- Location of the facility
- Location: 16°55′50″N 43°44′01″E﻿ / ﻿16.930440°N 43.733537°E Saada, Yemen
- Date: 21 January 2022
- Target: Prison in Saada
- Attack type: Airstrike
- Deaths: 87+
- Injured: 266
- Perpetrators: Saudi-led coalition

= 2022 Saada prison airstrike =

Coalition attack in Yemen

On 21 January 2022, according to news sources a Saudi-led coalition carried out an airstrike on a prison in Saada, Yemen, killing at least 87 people.
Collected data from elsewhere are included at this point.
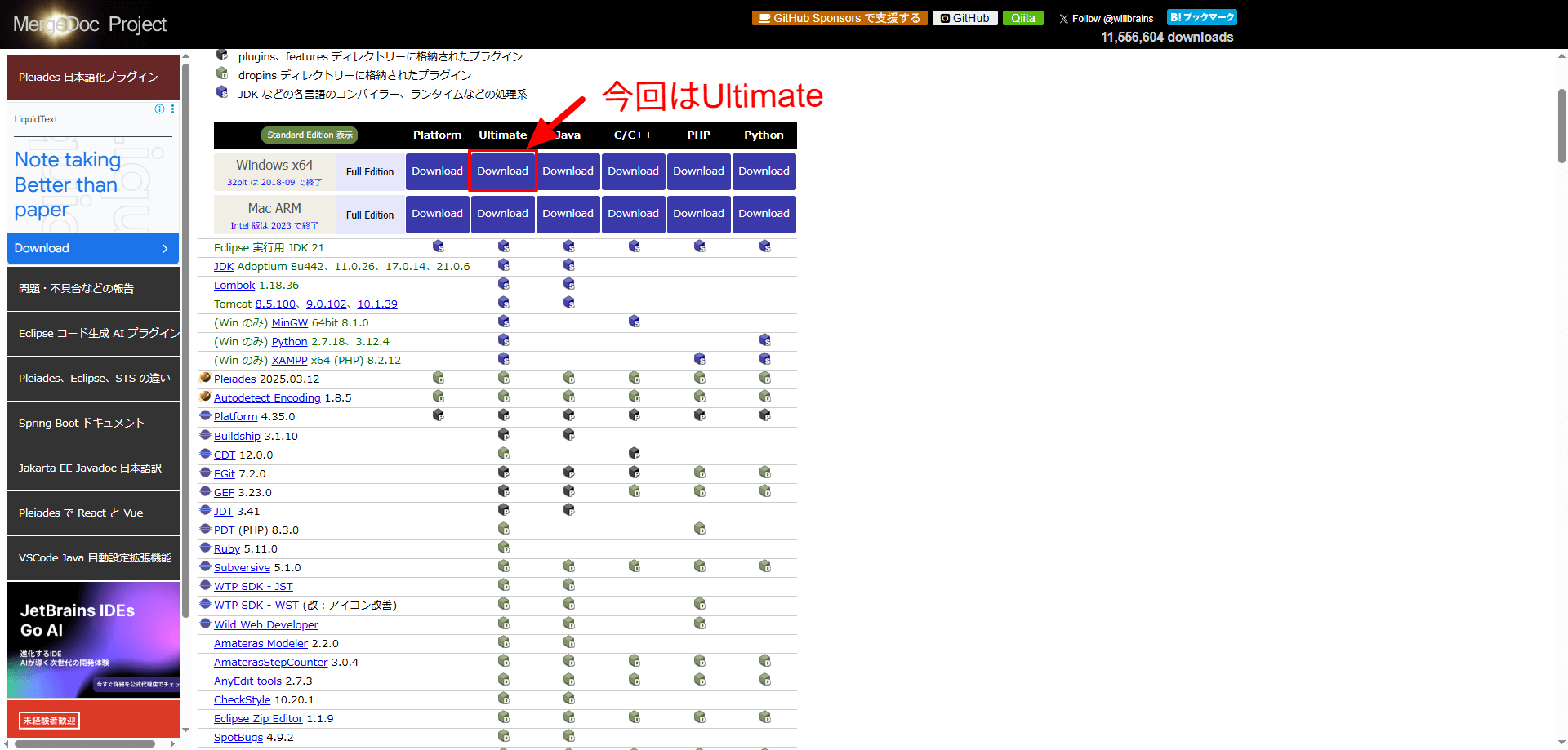 上の画像は、「Pleiades All in One」の公式サイトで、内蔵するEclipseの仕様がバージョンごとに解説されています。今回は最新の「Eclipse 2025」をクリックします。
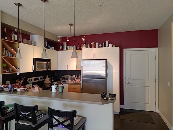 In a prime location within Calgary's sought-after neighborhood, this modern 1-bedroom 1-bath unit offers practical living. Featuring 9-foot ceilings, ceiling fans, a bright living room with a gas fireplace, A/C unit, and access to a south-west-facing balcony, with a gas hookup for year-round BBQ, it's perfect for cozy evenings. The dining area adjoins a well-designed kitchen with stainless steel appliances and a breakfast bar. With a computer nook, in-unit laundry, and a spacious bedroom leading to a private full bathroom, it meets all your needs. Parking is included in a secure underground space, with ample street parking for guests. There's also a separate storage locker and bike storage. Situated in Altadore, you're close to Marda Loop's amenities, Sandy Beach Park, River Park, Downtown, and Mount Royal University. Enjoy comfortable urban living in this welcoming apartment. It can be semi-furnished or completely unfurnished. Gas and water are included in the rental price. Water and gas is included in rental amount.
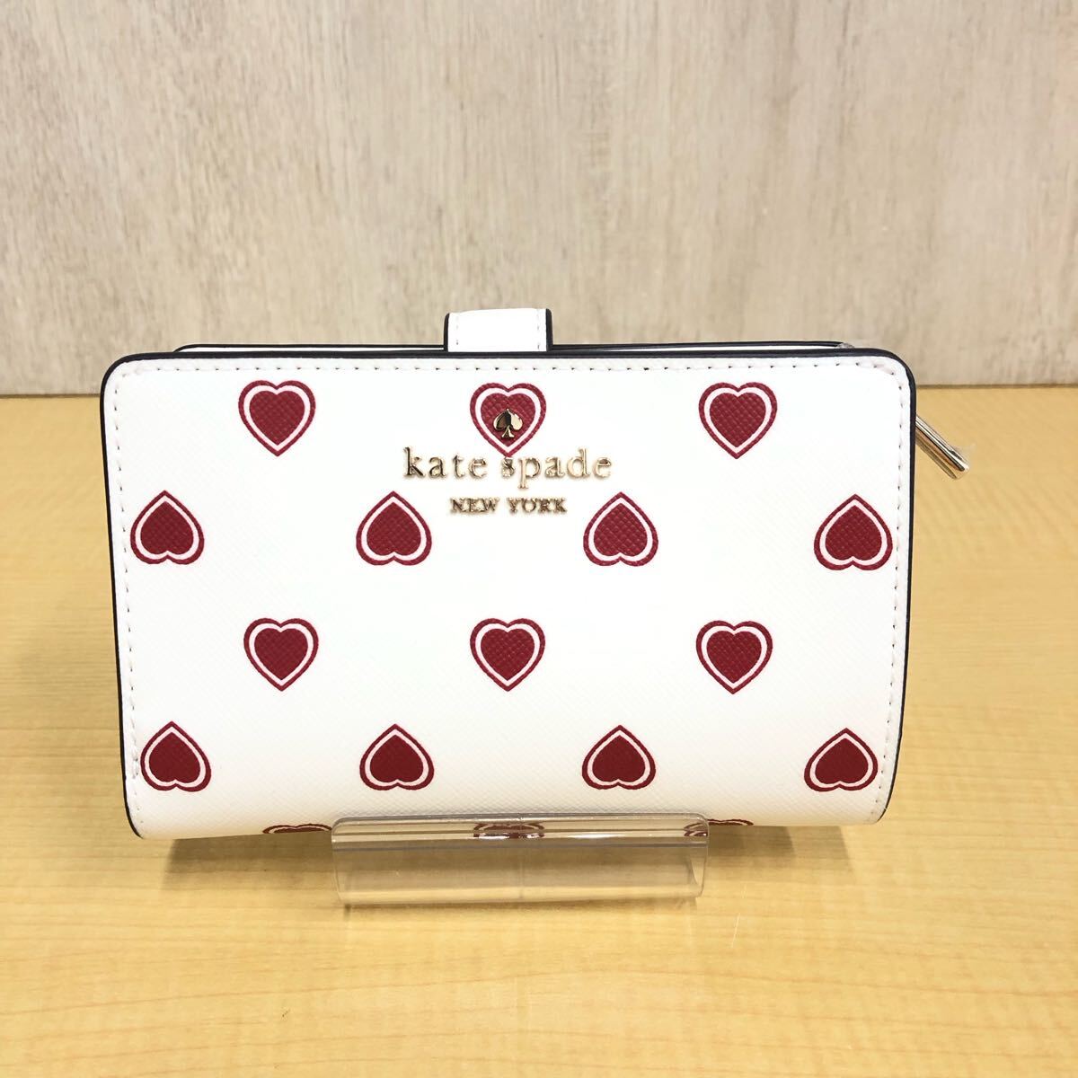 【kate spade】ケイトスペード★二つ折り財布 ホワイト ハート 総柄 レディース KF340 財布 ウォレット
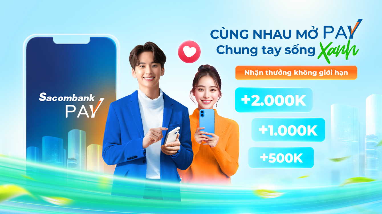 - Người được giới thiệu: Tặng tiền khi Khách hàng tải, đăng ký, định danh, mở mới TKTT trên Sacombank Pay và phát sinh giao dịch tối thiểu 50.000 VND trên TKTT trong tháng mở tài khoản.
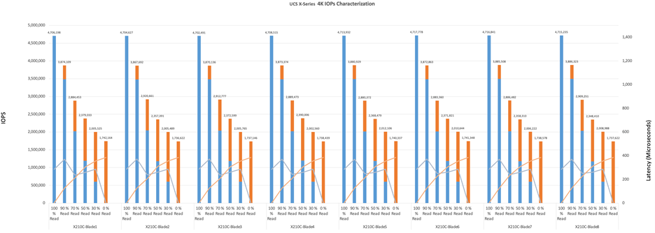 - Each blade server generated approximately 4.7 million sustained IOPs at 100% reads with total around 37+ Million IOPs at nearly 500 Microseconds latency with 4K data blocks.
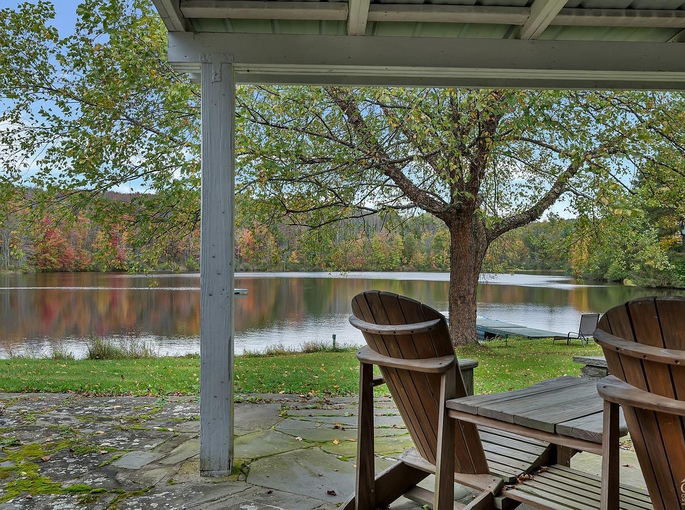 This peaceful outdoor patio area is tucked beneath a covered porch roof, offering shelter while allowing uninterrupted views of a serene lake. Two wooden Adirondack chairs and a matching table invite relaxation and quiet contemplation. The natural stone flooring, sprinkled with patches of moss, enhances the rustic charm and blends seamlessly with the surrounding nature. A mature tree stands near the water’s edge, its branches extending over the calm lake, whose surface reflects the autumn foliage on the opposite shore. The scene radiates tranquility, perfect for enjoying nature’s beauty and fresh air.
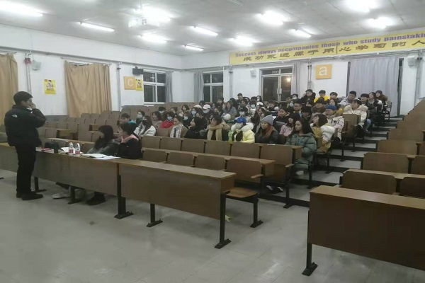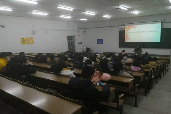 2020年12月14日,太阳成集团tyc122ccvip员工会成员在黄海校区一教阶梯教室召开例会,员工会主席吕晴主持会议,团委副书记王之风,张语涵在会上发表了讲话。
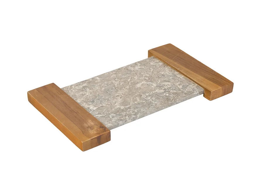 Planche à découper 38 cm en marbre gris et bois de teck - ZEPHYR
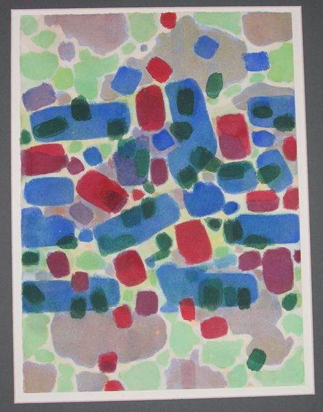 Editor: Here we have Hryhorii Havrylenko's "Composition" from 1967, a watercolor painting featuring a range of geometric forms in various hues. I'm struck by the way these shapes overlap, creating a sense of depth and movement. What can you tell me about this work? Curator: The first thing that catches my eye is the deliberate layering of the watercolors, creating a transparency that belies the inherent materiality of the pigments themselves. We're meant to consider the means by which this image came into being. Think about the social context: in 1967, abstraction had become very popular, seemingly divorced from its own social conditions, but the materials themselves - watercolour - implies process, and links itself more closely to labour. Editor: That's fascinating! So, are you suggesting that his choice of watercolour over, say, oil paint, carries some deeper meaning relating to artistic process or even something about its context of production? Curator: Precisely. The fluid nature of watercolor resists the kind of clean, machine-like precision one might expect in a modernist composition. By using watercolor and overlapping colours to produce new forms through layering, we also need to ask ourselves - where did these colours and forms originate, and whose labour facilitated their application? Editor: I see. It shifts the focus from just admiring the end result to considering the artist's choices and even how the art industry may function, perhaps not as neutral a thing as we assumed! Curator: Exactly. Havrylenko's "Composition," like so many seemingly “purely aesthetic” works, reminds us that art is fundamentally a product of materials, labor, and social forces, not merely aesthetic contemplation, that must never escape consideration. Editor: Well, I definitely see it differently now. Thanks for that insight. I have to look for those implications in future works, and consider production.
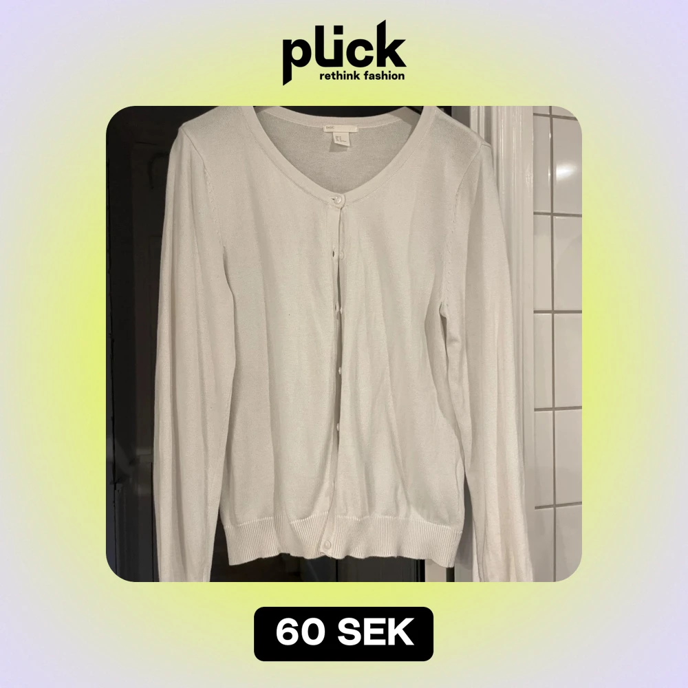 Säljer en stilren vit kofta från H&M med knappar framtill. Koftan har långa ärmar och ribbade kanter vid ärmslut och nederkant. Perfekt för lager-på-lager-stil!
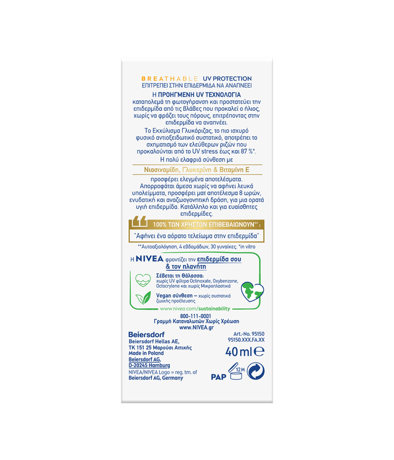 Προστασία UVA/UVBΑεροδιαπερατό Δεν κλείνει τους πόρουςΔιάφανοΚαθημερινή Χρήση
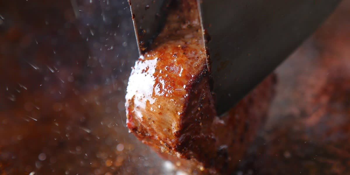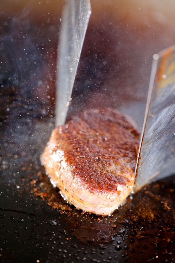 고기의 상태와 야채의 숙성도에 따라, 뜨겁게 달궈진 철판의 온도를 다루며

The coalition denied targeting the center.

==Background==
Since 2014, Yemen has been in a civil war between the UN-recognized government forces and members of the Houthi movement, leading to an intervention by a Saudi–led coalition against the Houthis.

On 17 January 2022, Houthi forces drone struck the Emirati capital of Abu Dhabi, killing three civilians and provoking international condemnation.

==Airstrike==
On 21 January 2022, an airstrike hit a prison in the city of Saada in Yemen, killing at least 87 people and injuring more than 266 others. The prison was a detention center for migrant workers.

Fighter jets from the Saudi-led coalition bombed a makeshift prison in Saada Governorate, killing at least 87 prisoners. Those injured in the attack are still being rescued and those killed recovered from the rubble and medical aid is being provided. According to the report, 2500 prisoners were present in the jail at the time of the attack while rescue operations are still going on at the site.

The coalition denied targeting the detention center.

==Casualties==
Doctors Without Borders (MSF) says about 200 people have been brought to only one hospital. Ahmed Mahat, head of the agency, told AFP "There are still many bodies at the site of the airstrike and many people are missing. At the moment it is very difficult to know how many people have been killed and it seems that this was a terrible act of violence."

==Aftermath==
In an interview with media, the governor of Saada said that the hospitals were collapsed by corpses and injured, while the province, as well as the country, is in dire need of all kinds of medical equipment including medicines. At the time Hospitals in Yemen were urgently needed blood of any type

The coalition denied targeting the center and stated they will inform and share details with the Office for the Coordination of Humanitarian Affairs in Yemen (OCHA) and the International Committee of the Red Cross (ICRC). The coalition also stated that the target in Saada was not on no-targeting lists agreed upon with the OCHA, was not reported by the ICRC and did not meet the standards stipulated by the Third Geneva Convention for Prisoners of War.

==Reactions==
- UN Secretary-General António Guterres said in a statement that "the violence and tensions need to be stopped immediately". That attacks on civilians and infrastructure are prohibited under international law. The statement added: "They remind all parties under international humanitarian law of their responsibility to ensure that civilians are protected from the dangers posed by military action. In this case, the precautionary principle should be followed according to the proportions".